А на самом деле это было наиболее ранним проявлением того, что через тридцать лет назвали экзистенциализмом (хоть, может, и этот “изм”, так не называемый, встречался в веках и раньше): в человеке, мол, есть внутреннее ядро, которое себя проявляет лишь тогда, когда человек теряет связь с обществом, например, перед самой смертью, или когда он может сам на свои общественные функции посмотреть как бы со стороны, безучастно - впасть в пограничную ситуацию, так называемую.

<<Я люблю церковь,- писала З. Гиппиус,- но не люблю российской маски ее>>. Так начинается один из разрывов поэтессы с обществом. Она хотела, чтоб все проявления жизни (имея в виду прежде всего нижайшие) пронизывало особое радостное христианство, чтоб, скажем, обед сливался с трапезой, чтоб <<из насыщения плоти он превратился в религиозно освященный акт>>, и, повторяясь ежедневно, каждый раз чтоб был единственным. Ход ее мечтаний был такой: <<Даже бытовые рутинные подробности жизни, наполняясь религиозным смыслом, присутствием Бога, высветляют быт, преобразуя его из бытослужения в богослужение>>.

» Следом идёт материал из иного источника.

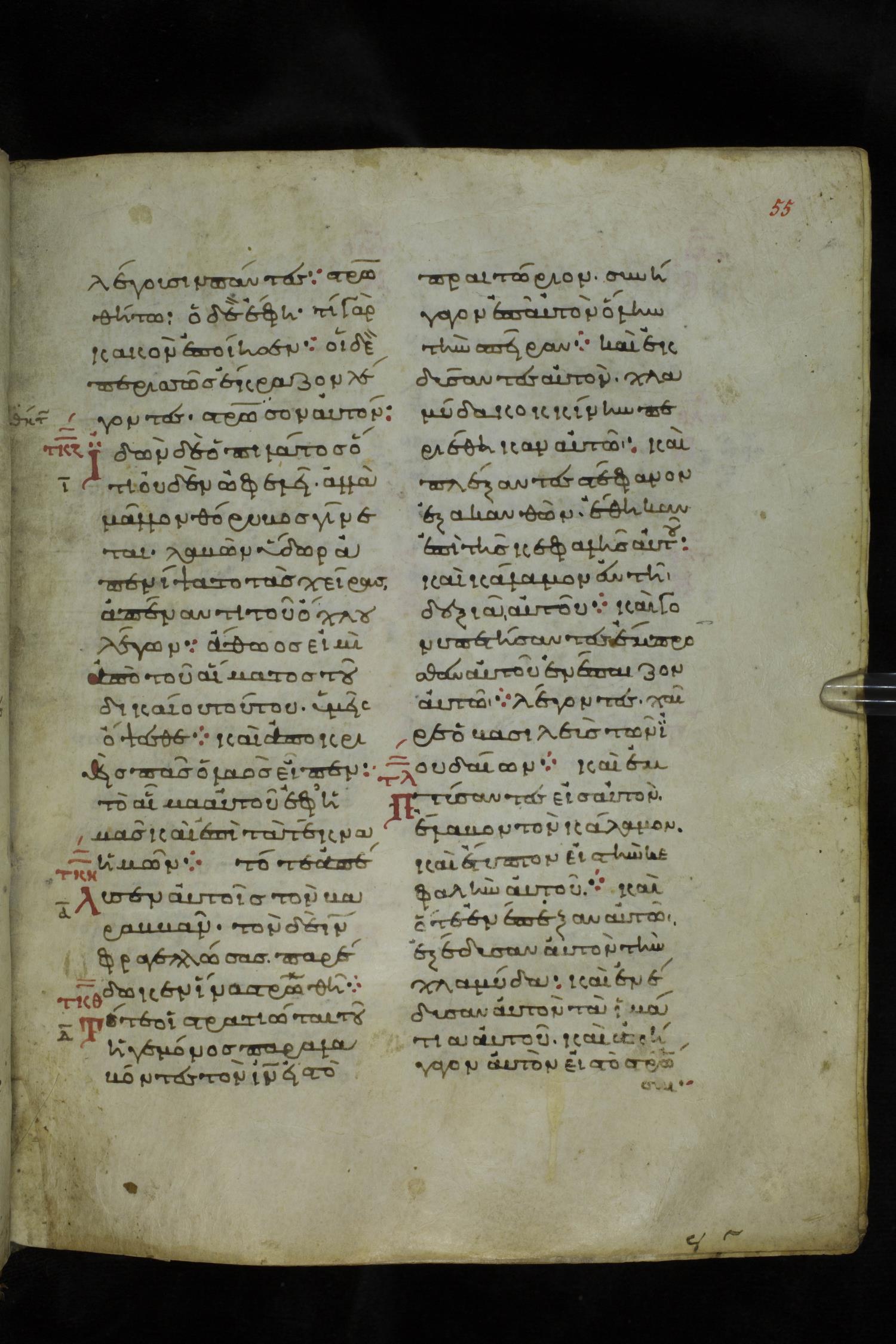 Eleventh century minuscule of the Gospels on parchment; 219 leaves, 2 columns, 26 lines per column. Images were taken at the National Library of Greece in Athens.
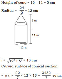 A tent is in the form of a right circular cylinder surmounted by a cone. The diameter  of the cylinder is 24 m. The height of the cylindrical portion is 11 m, while the vertex  of the cone is 16 m above the ground. What is the Area of the curved surface for conical  portion –
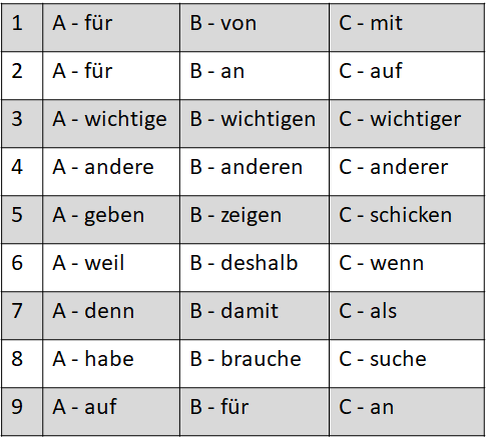 Попробуйте решить данный тест на лексику и грамматику самостоятельно. Если сложно, то включайте видео и делайте задание вместе со мной. Я подробно разобрала все лексические конструкции для вас! вставьте слова из предложенных вариантов Sehr geehrter Herr Müller, ein Freund ______ (1) mir hat mir erzählt, dass Ihr Unternehmen sehr gute Produkte anbietet. Deshalb interessiere ich mich______(2) Ihr Angebot. Am 10. Mai feiere ich meinen Geburtstag mit meinen ______(3) Freunden. Ich möchte für diese Feier einen Catering-Service buchen, der sowohl vegetarische als auch ______ (4) Speisen anbietet. Könnten Sie mir bitte Informationen zu Ihrem Menü ______(5) ? Besonders wichtig ist mir, dass es eine große Auswahl gibt, ______ (6) viele meiner Gäste unterschiedliche
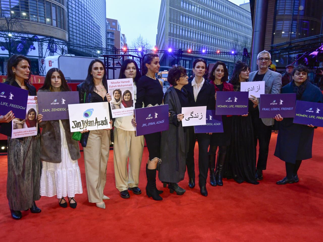 سبيده فارسي مع إيرانيات معارضات في مهرجان برلين في شباط 2023 (أ ف ب).
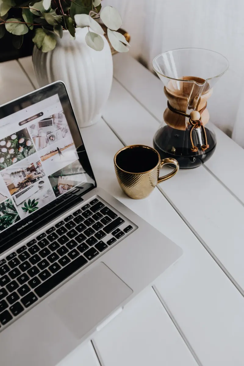 一组磨制咖啡与苹果电脑的图片
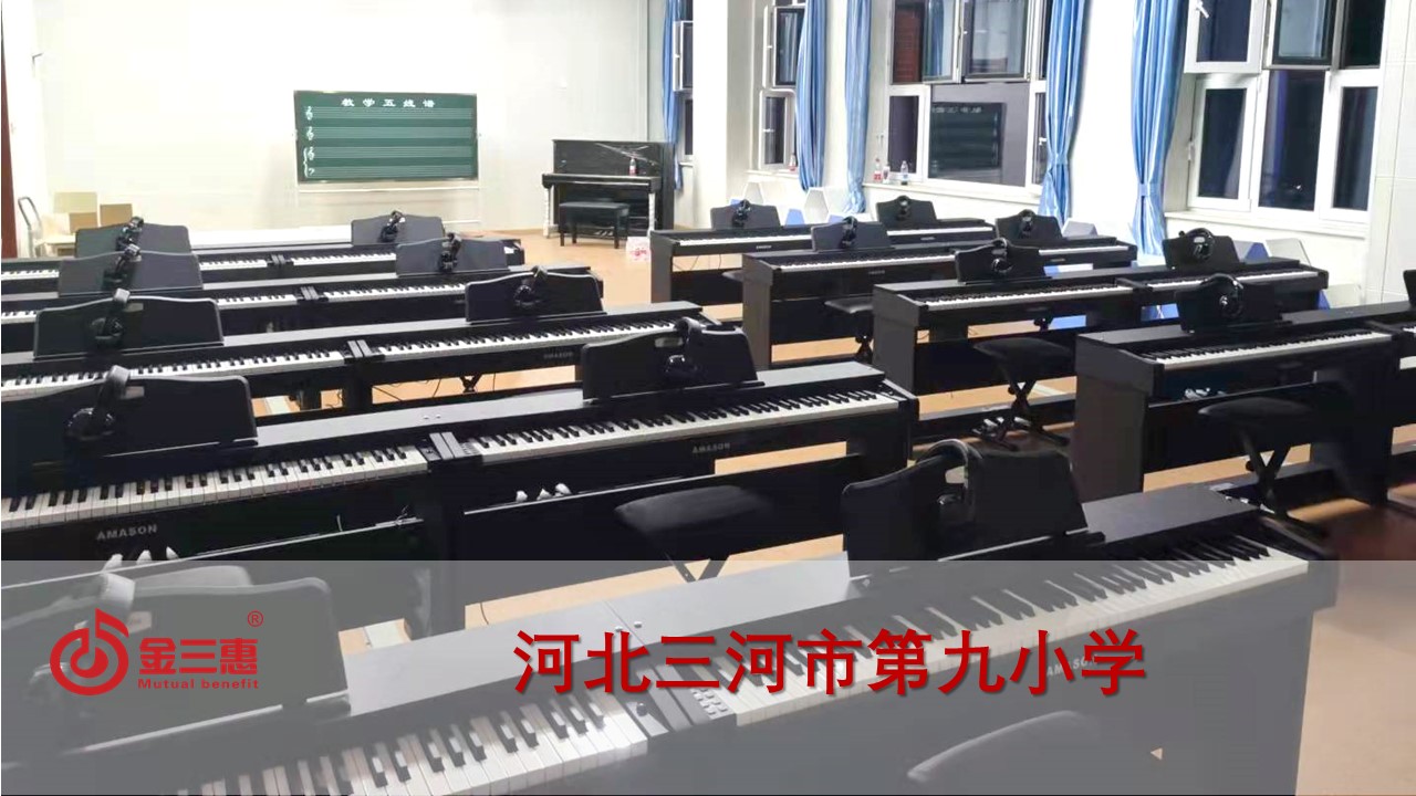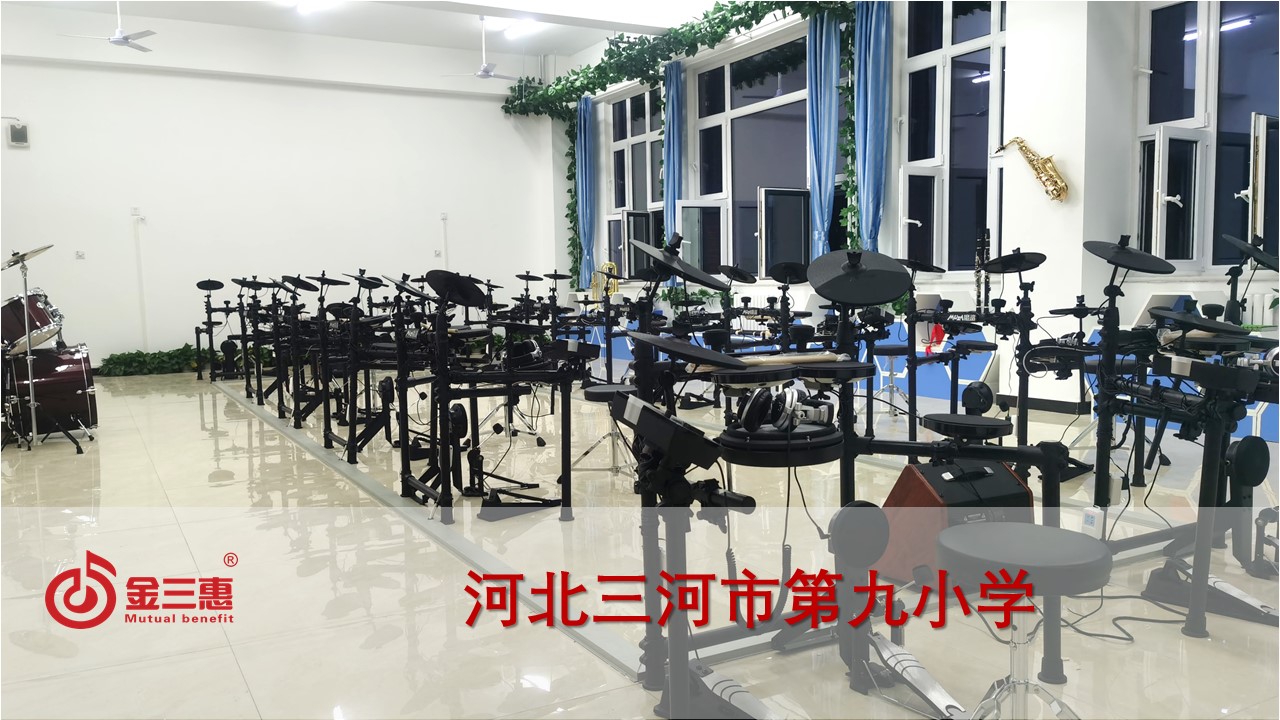 河北三河市第九小學的數字音樂電鋼琴教室、電鼓教室開始使用,本校數字化音樂教室由北京金三惠科技有限公司負責提供、安裝、培訓。

Ясно, что православие с его аскетизмом, с упором на любовь к Богу, а не к его творению, миру, не могло потерпеть такого религиозного возрождения. А заодно и бытовавшая традиция общественности - тоже потерпеть не могла обожествления бегства в себя. И если еще учесть, что преобладал тогда фон разнообразного устремления идеалов “вверх”, то на таком фоне З. Гиппиус чувствовала себя белой вороной, и того, что ей нужно было, действительно не было на свете в окружающем ее мире, в художественном аспекте - не было в символистском мире искусства.

Давайте вдумаемся, о чем эта “Песня” у Зинаиды Гиппиус.

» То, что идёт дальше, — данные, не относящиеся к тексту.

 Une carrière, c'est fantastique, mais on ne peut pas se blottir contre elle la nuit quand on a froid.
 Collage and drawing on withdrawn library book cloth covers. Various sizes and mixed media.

Символистская традиция заключила героя в своеобразную тюрьму. Окно в его камере “высоко над землею”. И разочаровавшемуся в “высоком” лирическому герою через это окно “небо кажется пустым и бледным” и безжалостным к его стремящемуся “вниз” сердцу. Если норма - парить вверху, то ясно, что сердце лирического героя про такое неординарное устремление вниз говорит: “И это желание не знаю откуда”. Разочаровавшийся не вполне осознает свое разочарование. Что наступил вечер высокого, небесного, он хоть видит - в окно, - но все значение до него еще не доходит. Герой в таком состоянии, естественно, не вполне понимает свой идеал: “стремлюсь к тому, чего не знаю”. Откуда же он узнает,- узнает низкое,- будучи заключен в тюрьму высокого? А если он смутно и осознает, так получается такой парадокс,- божественное низкое, высокое низкое,- что он представляется чудом. И хочется “то, чего не бывает”. Далее. Раз такой идеал все же обожествлен, то очи опять обращаются вверх, в окно, к небу и... “Мне бледное небо чудес обещает”. Но... от горнего нечего все-таки чудес ждать. Обет высокому неверен. Вернулись к смутному разочарованию в высоком окне и обете. Потому плач о последнем - без слез. И еще потому, что если “чего нет на свете”, так это еще не значит, что не станет. Раз идеал - достижимый, то он будет достигнут.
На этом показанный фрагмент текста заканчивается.